Women are reportedly twice as likely to be diagnosed with depression than men, according to many reports.
Furthermore, there are gender-specific distinctions between male and female genes and the way that they relate to depression, according to a recent sex-specific study from McGill University.
In this study, including over 270,000 people, the researchers discovered that sex-specific prediction approaches were more reliable than non-specific prediction methods for predicting a person’s genetic risk of getting depression.
In comparison to males, females had 11 DNA regions connected to depression, while males had just one.
Additionally, they discovered a direct relationship between depression and metabolic disorders in women, which is crucial to take into account while treating depressed women.
Researchers discovered that despite the biochemical mechanisms of sadness being the same in both sexes, certain genes were associated with each sex.
Future depression therapies that are sex-specific may be found using this knowledge.

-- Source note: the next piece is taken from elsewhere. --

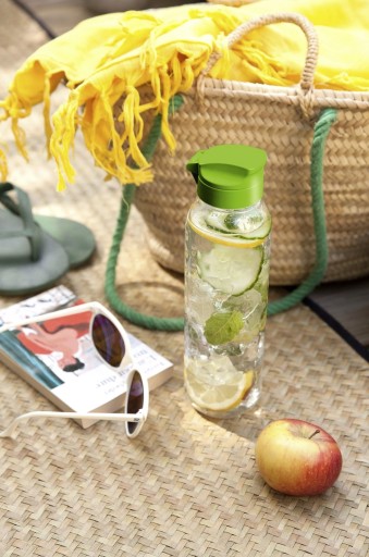 Пляшка об'ємом 450 мл виготовлена з прозорого тритану, що нагадує скло, стійке до пошкоджень, зміни кольору та неприємних запахів, що є ідеальним рішенням для любителів спорту та туризму. Щільна застібка дозволяє безпечно зберігати пляшку з водою в рюкзаку під час цілоденних велосипедних поїздок або тривалих походів, не турбуючись про розлиття вмісту та промокання цінного спорядження. Завдяки високій прозорості навіть звичайна мінералізована вода, збагачена різнокольоровими фруктами та травами, набуде виняткового смаку. Мірний стаканчик на зовнішній стінці полегшить точне відмірювання інгредієнтів, необхідних для отримання свіжого та корисного коктейлю.

The lead author, Dr. Patricia Pelufo Silveira, says that “This is the first study to describe sex specific genetic variants associated with depression, which is a prevalent disease in both males and females. The findings are important to inform the development of particular therapies that will benefit men and women alike while accounting for their differences. In the clinic, the presentation of depression is really different for men and women, as well as their responses to treatment, but we have really little understanding of why it happens at the moment.”
147 genes were substantially related to generalized depression in the entire group, 64 in females and 53 in men, according to gene-based analysis.
A universal biological process called “Regulation of Gene Expression” was also identified through the study, however sex-specific molecular processes were also speculated.
In the end, sex-specific polygenic risk scores for depression performed better in the prediction of broad major depressive disorder than total and the opposite sex PRSs.
These findings support the existence of sex-dependent epigenetic mechanisms for clinical depression and other diseases that co-occur with it.